Pharmaceutical giant AstraZeneca has formally asked the European Medicines Agency to withdraw its COVID-19 vaccine authorization.
In an update on the European
Medicines Agency's website Wednesday, the regulator said that the approval for
AstraZeneca's Vaxzevria had been withdrawn “at the request of the marketing
authorization holder.”
The vaccine, initially
approved in January 2021, faced safety concerns over rare blood clots,
prompting various countries to halt its use temporarily.
While the EU regulator
determined that the overall risk was low, doubts lingered.
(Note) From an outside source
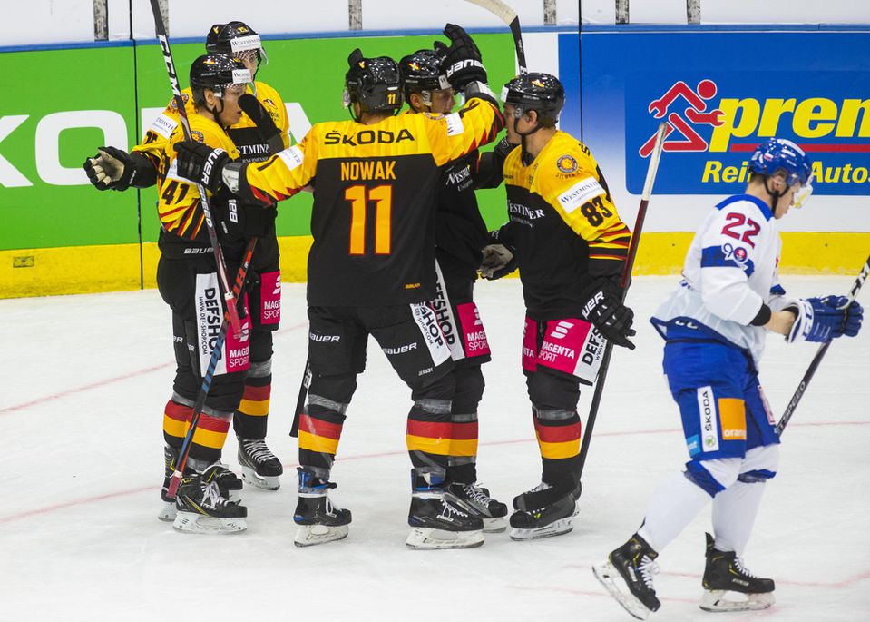 Nemecko: Treutle - Daschner, Schopper, Nowak, J. Müller, Wagner, Weber, Bittner, Krupp - Pföderl, Loibl, Bergmann - Bokk, Michaelis, Tuomie - Ziegler, Fauser, Wohlgemuth - Elsner, Noebels, Höfflin - Kurth

Additionally,
limited data on its effectiveness in older adults led to initial restrictions.
Billions of doses of the
AstraZeneca vaccine were distributed to poorer countries through a
U.N.-coordinated program, as it was cheaper and easier to produce and
distribute. However? studies later suggested that the pricier messenger RNA
vaccines made by Pfizer-BioNTech and Moderna provided better protection against
COVID-19 and its many variants, and most countries switched to those shots.
The U.K.'s national
coronavirus immunization program in 2021 heavily relied on AstraZeneca's
vaccine, which was largely developed by scientists at Oxford University with
significant financial government support.
But even Britain later
resorted to buying the mRNA vaccines for its COVID booster vaccination programs
and the AstraZeneca vaccine is now rarely used globally.